> [Problem statement] Your task is to return all of the records exactly, minus any images.

> [Entries supplied]
>>>>

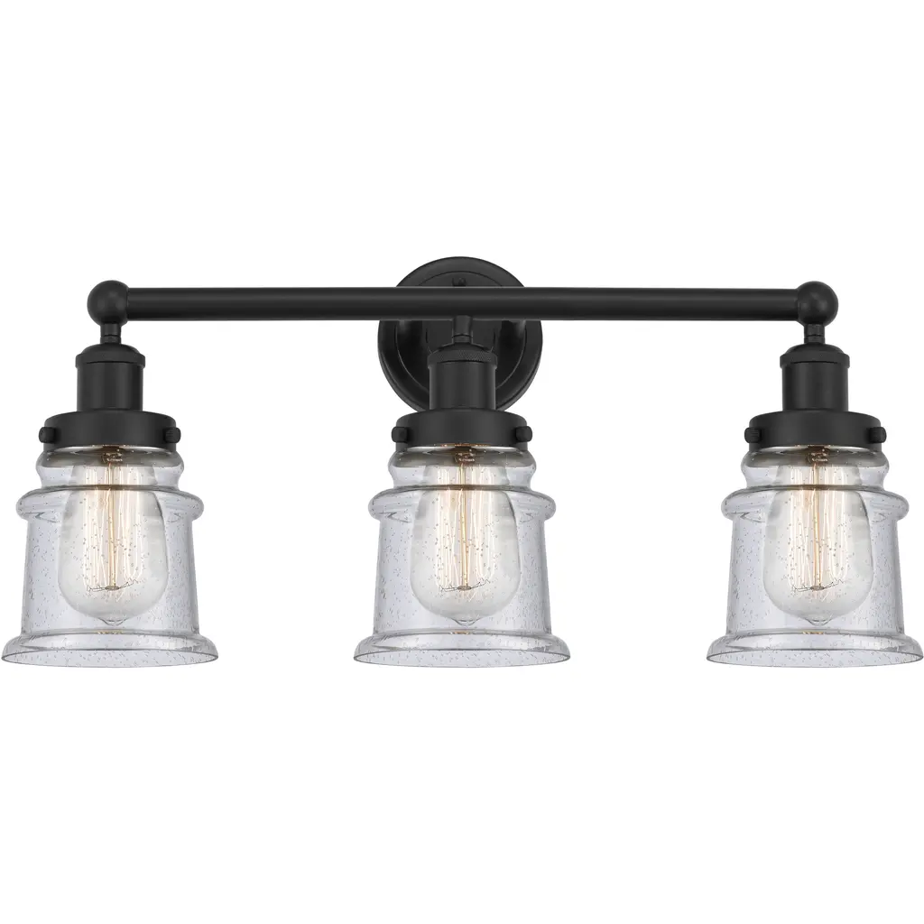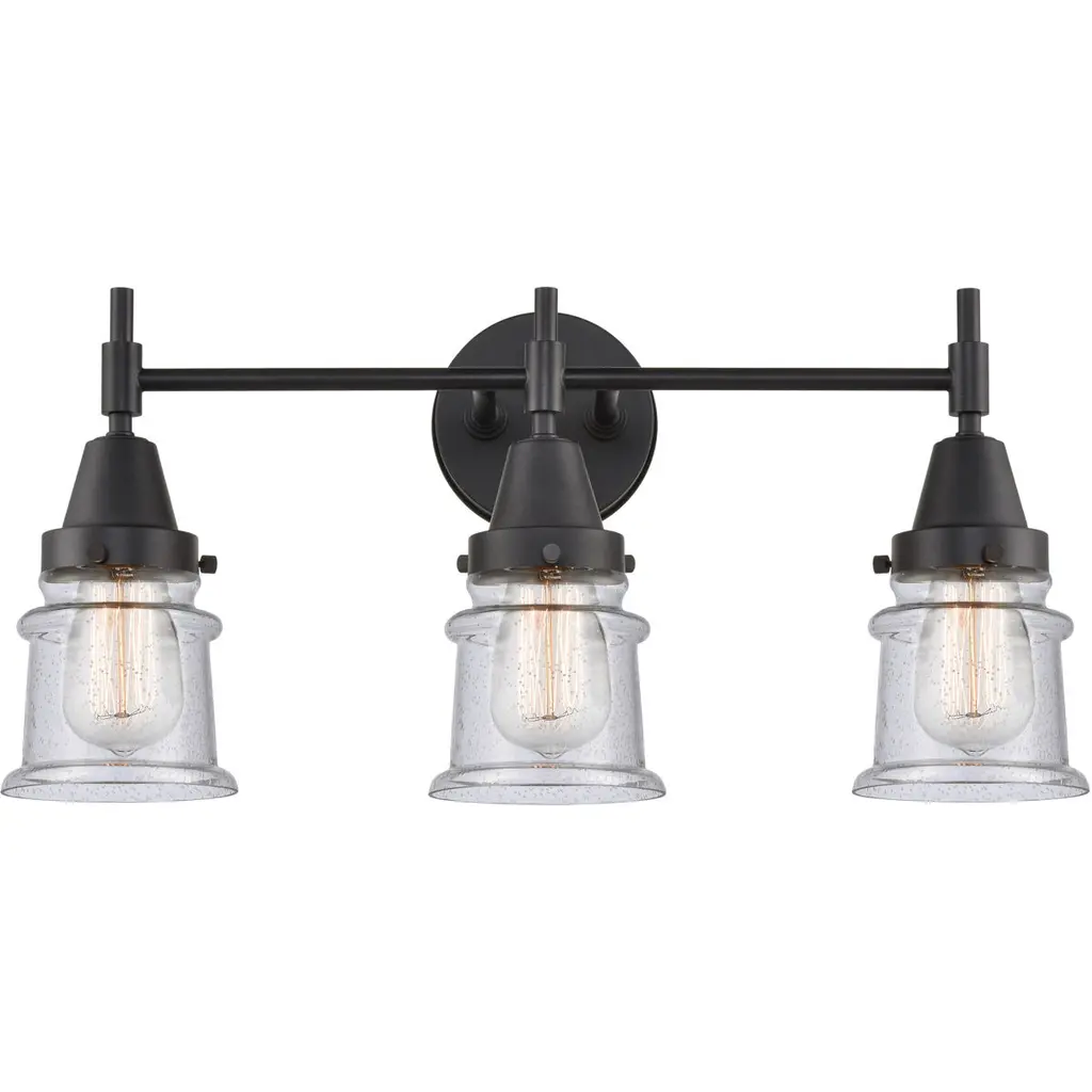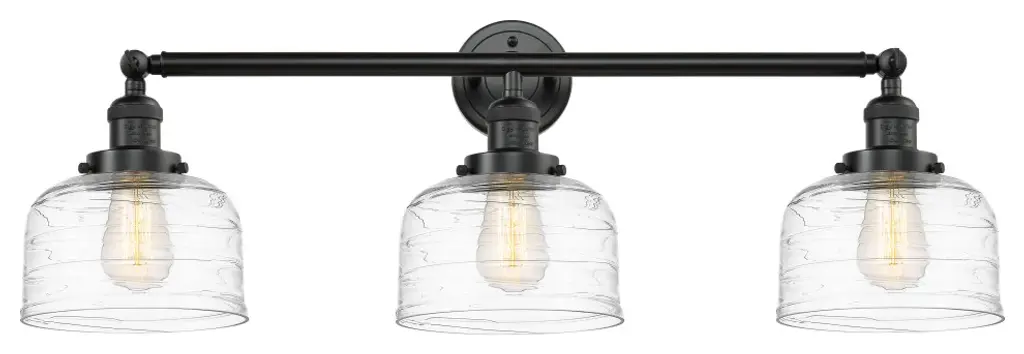 INNOVATIONS 616-3W-BK-G192 Bellmont 3 Light 24.5 inch Bath Vanity Light Matte Black. Style: Art Nouveau, Industrial, Restoration-Vintage, Transitional . Collection Name: Edison. Metal Finish(Body): Matte Black. Metal Finish(Canopy/Backplate): Matte Black. Material: Steel, Cast Brass, Glass. Dimension(in): 11.5(H) x 24.125(W) x 7.5625(Ext). Bulb: (3)60W Medium Base Incandescent(Not Included). Voltage: 120. Dimmable: Yes. Color Temperature (Kelvin): 2200. Color Rendering Index (CRI): 99.9. Lumens: 220. Life Expectancy (Hours): 2000. Glass Shade Description: Clear Bellmont. Glass Type: Transparent; Ribbed. Shade Shape: Bowl. Glass or Metal Shade Color: Clear. Shade Material: Glass. Shade Dimension(in): 6.125(W) x 6.25(H). Fitter Measurement (Glass Or Metal Shade Fitter Size): 3.25 inch Fitter. Backplate Dimension(in): 4.5(W) x 0.75(Depth). ADA Compliant: No. California Proposition 65 Warning Required: Yes. UL/ETL Certification Type: Damp Location.
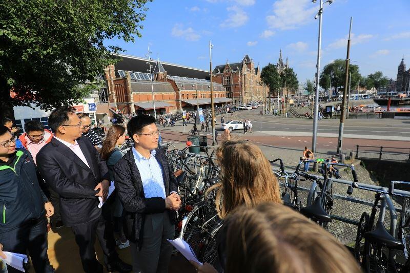 Cornelia Dinca帶領市府團隊參觀火車站周邊一座自行車停車塔,三層樓建築可停放約3千台自行車,她表示,火車站約有一半乘客騎自行車前來,因此周邊的自行車停車需求很大,目前阿姆斯特丹已有1萬格自行車位,但仍不夠,目標是2030年建構2萬2千格自行車位。
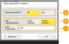 Bei der dedizierten Community handelt es sich um eine voreingestellte Community für die Canon-Geräteverwaltungssoftware. Um die dedizierte Community zu verwenden, drücken Sie <Zugewiesene Gemeinschaft einstell.>. Um eine allgemeine Community festzulegen, drücken Sie <Name Abt. 1 einstellen> oder <Name Abt. 2 einstellen>.
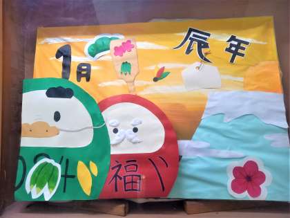 新年を迎える準備が整っています。美術部製作の1月のディスプレイが飾られました。来年の干支(辰)に扮したかわいいだるまさんが描かれています。
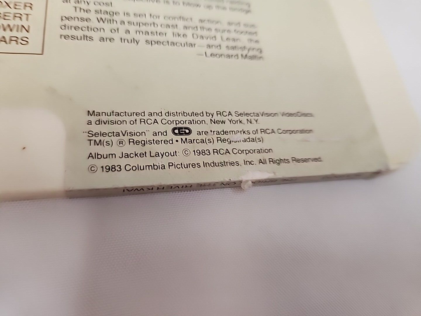 как выглядит The Bridge Over The River Kwai Columbia Pict RCA SelectaVision CED Tested Works фото
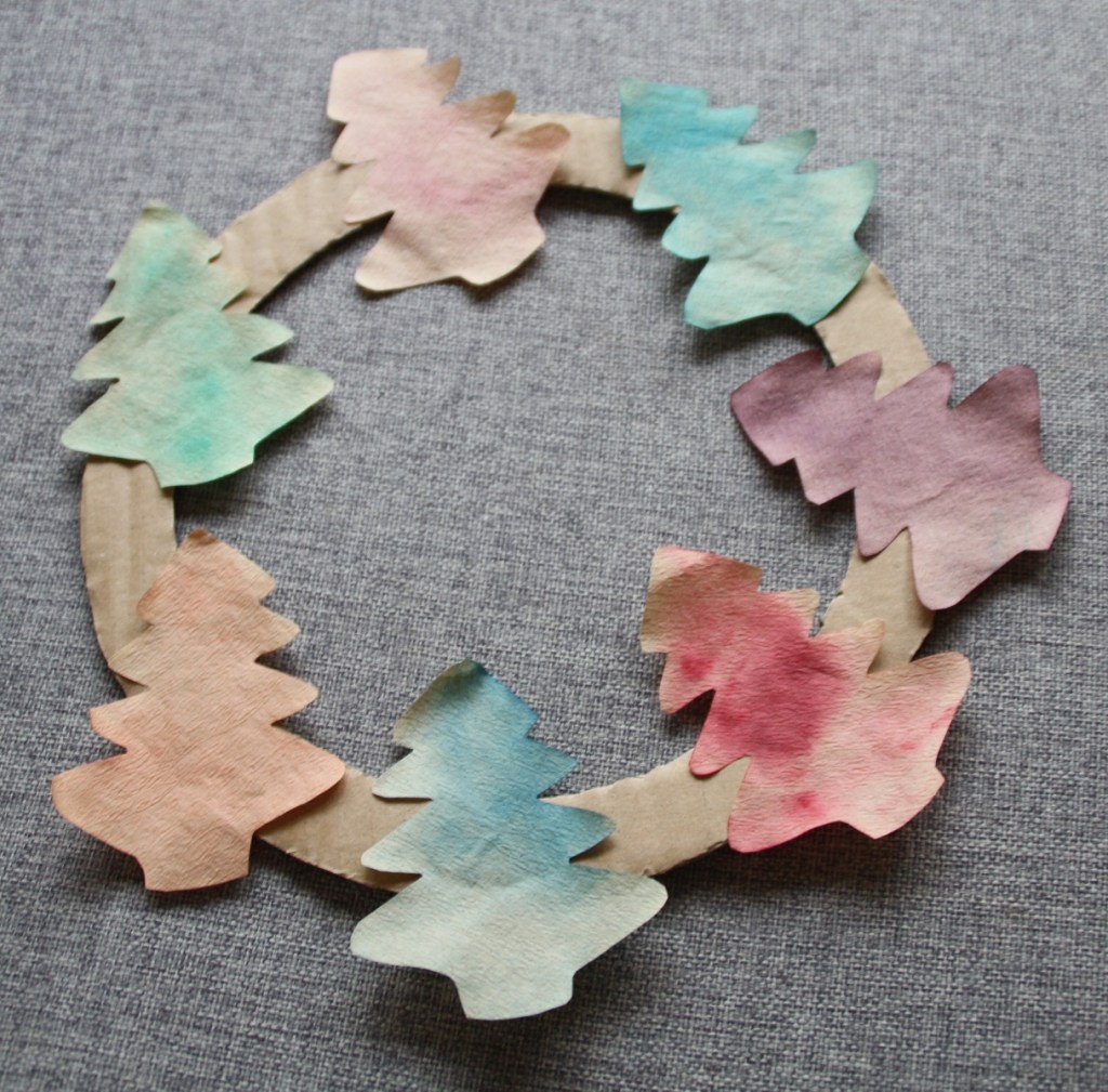 Voici encore un bricolage facile pour Noël : une couronne de sapins.
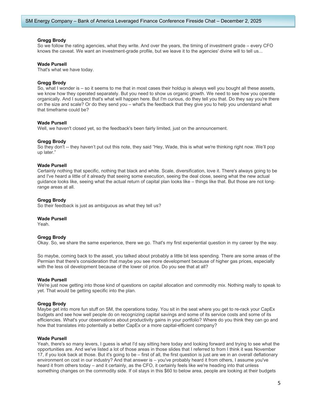 5 SM Energy Company – Bank of America Leveraged Finance Conference Fireside Chat – December 2, 2025 Gregg Brody So we follow the rating agencies, what they write. And over the years, the timing of investment grade – every CFO knows the caveat. We want an investment-grade profile, but we leave it to the agencies' divine will to tell us... Wade Pursell That's what we have today. Gregg Brody So, what I wonder is – so it seems to me that in most cases their holdup is always well you bought all these assets, we know how they operated separately. But you need to show us organic growth. We need to see how you operate organically. And I suspect that's what will happen here. But I'm curious, do they tell you that. Do they say you're there on the size and scale? Or do they send you – what's the feedback that they give you to help you understand what that timeframe could be? Wade Pursell Well, we haven't closed yet, so the feedback's been fairly limited, just on the announcement. Gregg Brody So they don't -- they haven’t put out this note, they said “Hey, Wade, this is what we're thinking right now. We’ll pop up later.” Wade Pursell Certainly nothing that specific, nothing that black and white. Scale, diversification, love it. There's always going to be and I've heard a little of it already that seeing some execution, seeing the deal close, seeing what the new actual guidance looks like, seeing what the actual return of capital plan looks like – things like that. But those are not long- range areas at all. Gregg Brody So their feedback is just as ambiguous as what they tell us? Wade Pursell Yeah. Gregg Brody Okay. So, we share the same experience, there we go. That's my first experiential question in my career by the way. So maybe, coming back to the asset, you talked about probably a little bit less spending. There are some areas of the Permian that there's consideration that maybe you see more development because of higher gas prices, especially with the less oil development because of the lower oil price. Do you see that at all? Wade Pursell We're just now getting into those kind of questions on capital allocation and commodity mix. Nothing really to speak to yet. That would be getting specific into the plan. Gregg Brody Maybe get into more fun stuff on SM, the operations today. You sit in the seat where you get to re-rack your CapEx budgets and see how well people do on recognizing capital savings and some of its service costs and some of its efficiencies. What's your observations about productivity gains in your portfolio? Where do you think they can go and how that translates into potentially a better CapEx or a more capital-efficient company? Wade Pursell Yeah, there's so many levers, I guess is what I'd say sitting here today and looking forward and trying to see what the opportunities are. And we've listed a lot of those areas in those slides that I referred to from I think it was November 17, if you look back at those. But it's going to be – first of all, the first question is just are we in an overall deflationary environment on cost in our industry? And that answer is – you've probably heard it from others, I assume you've heard it from others today – and it certainly, as the CFO, it certainly feels like we're heading into that unless something changes on the commodity side. If oil stays in this $60 to below area, people are looking at their budgets
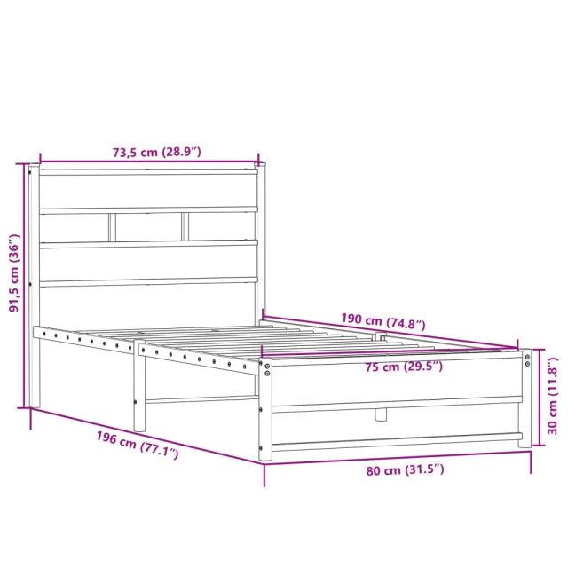 Kovinski Posteljni okvir - Enojna postelja - Postelja za odrasle brez vzmetnice sonoma hrast 75x190 cm

<<<<

> [Final answer]
 INNOVATIONS 616-3W-BK-G192 Bellmont 3 Light 24.5 inch Bath Vanity Light Matte Black. Style: Art Nouveau, Industrial, Restoration-Vintage, Transitional . Collection Name: Edison. Metal Finish(Body): Matte Black. Metal Finish(Canopy/Backplate): Matte Black. Material: Steel, Cast Brass, Glass. Dimension(in): 11.5(H) x 24.125(W) x 7.5625(Ext). Bulb: (3)60W Medium Base Incandescent(Not Included). Voltage: 120. Dimmable: Yes. Color Temperature (Kelvin): 2200. Color Rendering Index (CRI): 99.9. Lumens: 220. Life Expectancy (Hours): 2000. Glass Shade Description: Clear Bellmont. Glass Type: Transparent; Ribbed. Shade Shape: Bowl. Glass or Metal Shade Color: Clear. Shade Material: Glass. Shade Dimension(in): 6.125(W) x 6.25(H). Fitter Measurement (Glass Or Metal Shade Fitter Size): 3.25 inch Fitter. Backplate Dimension(in): 4.5(W) x 0.75(Depth). ADA Compliant: No. California Proposition 65 Warning Required: Yes. UL/ETL Certification Type: Damp Location.
 Cornelia Dinca帶領市府團隊參觀火車站周邊一座自行車停車塔,三層樓建築可停放約3千台自行車,她表示,火車站約有一半乘客騎自行車前來,因此周邊的自行車停車需求很大,目前阿姆斯特丹已有1萬格自行車位,但仍不夠,目標是2030年建構2萬2千格自行車位。
 Bei der dedizierten Community handelt es sich um eine voreingestellte Community für die Canon-Geräteverwaltungssoftware. Um die dedizierte Community zu verwenden, drücken Sie <Zugewiesene Gemeinschaft einstell.>. Um eine allgemeine Community festzulegen, drücken Sie <Name Abt. 1 einstellen> oder <Name Abt. 2 einstellen>.
 新年を迎える準備が整っています。美術部製作の1月のディスプレイが飾られました。来年の干支(辰)に扮したかわいいだるまさんが描かれています。
 как выглядит The Bridge Over The River Kwai Columbia Pict RCA SelectaVision CED Tested Works фото
 Voici encore un bricolage facile pour Noël : une couronne de sapins.
 5 SM Energy Company – Bank of America Leveraged Finance Conference Fireside Chat – December 2, 2025 Gregg Brody So we follow the rating agencies, what they write. And over the years, the timing of investment grade – every CFO knows the caveat. We want an investment-grade profile, but we leave it to the agencies' divine will to tell us... Wade Pursell That's what we have today. Gregg Brody So, what I wonder is – so it seems to me that in most cases their holdup is always well you bought all these assets, we know how they operated separately. But you need to show us organic growth. We need to see how you operate organically. And I suspect that's what will happen here. But I'm curious, do they tell you that. Do they say you're there on the size and scale? Or do they send you – what's the feedback that they give you to help you understand what that timeframe could be? Wade Pursell Well, we haven't closed yet, so the feedback's been fairly limited, just on the announcement. Gregg Brody So they don't -- they haven’t put out this note, they said “Hey, Wade, this is what we're thinking right now. We’ll pop up later.” Wade Pursell Certainly nothing that specific, nothing that black and white. Scale, diversification, love it. There's always going to be and I've heard a little of it already that seeing some execution, seeing the deal close, seeing what the new actual guidance looks like, seeing what the actual return of capital plan looks like – things like that. But those are not long- range areas at all. Gregg Brody So their feedback is just as ambiguous as what they tell us? Wade Pursell Yeah. Gregg Brody Okay. So, we share the same experience, there we go. That's my first experiential question in my career by the way. So maybe, coming back to the asset, you talked about probably a little bit less spending. There are some areas of the Permian that there's consideration that maybe you see more development because of higher gas prices, especially with the less oil development because of the lower oil price. Do you see that at all? Wade Pursell We're just now getting into those kind of questions on capital allocation and commodity mix. Nothing really to speak to yet. That would be getting specific into the plan. Gregg Brody Maybe get into more fun stuff on SM, the operations today. You sit in the seat where you get to re-rack your CapEx budgets and see how well people do on recognizing capital savings and some of its service costs and some of its efficiencies. What's your observations about productivity gains in your portfolio? Where do you think they can go and how that translates into potentially a better CapEx or a more capital-efficient company? Wade Pursell Yeah, there's so many levers, I guess is what I'd say sitting here today and looking forward and trying to see what the opportunities are. And we've listed a lot of those areas in those slides that I referred to from I think it was November 17, if you look back at those. But it's going to be – first of all, the first question is just are we in an overall deflationary environment on cost in our industry? And that answer is – you've probably heard it from others, I assume you've heard it from others today – and it certainly, as the CFO, it certainly feels like we're heading into that unless something changes on the commodity side. If oil stays in this $60 to below area, people are looking at their budgets
 Kovinski Posteljni okvir - Enojna postelja - Postelja za odrasle brez vzmetnice sonoma hrast 75x190 cm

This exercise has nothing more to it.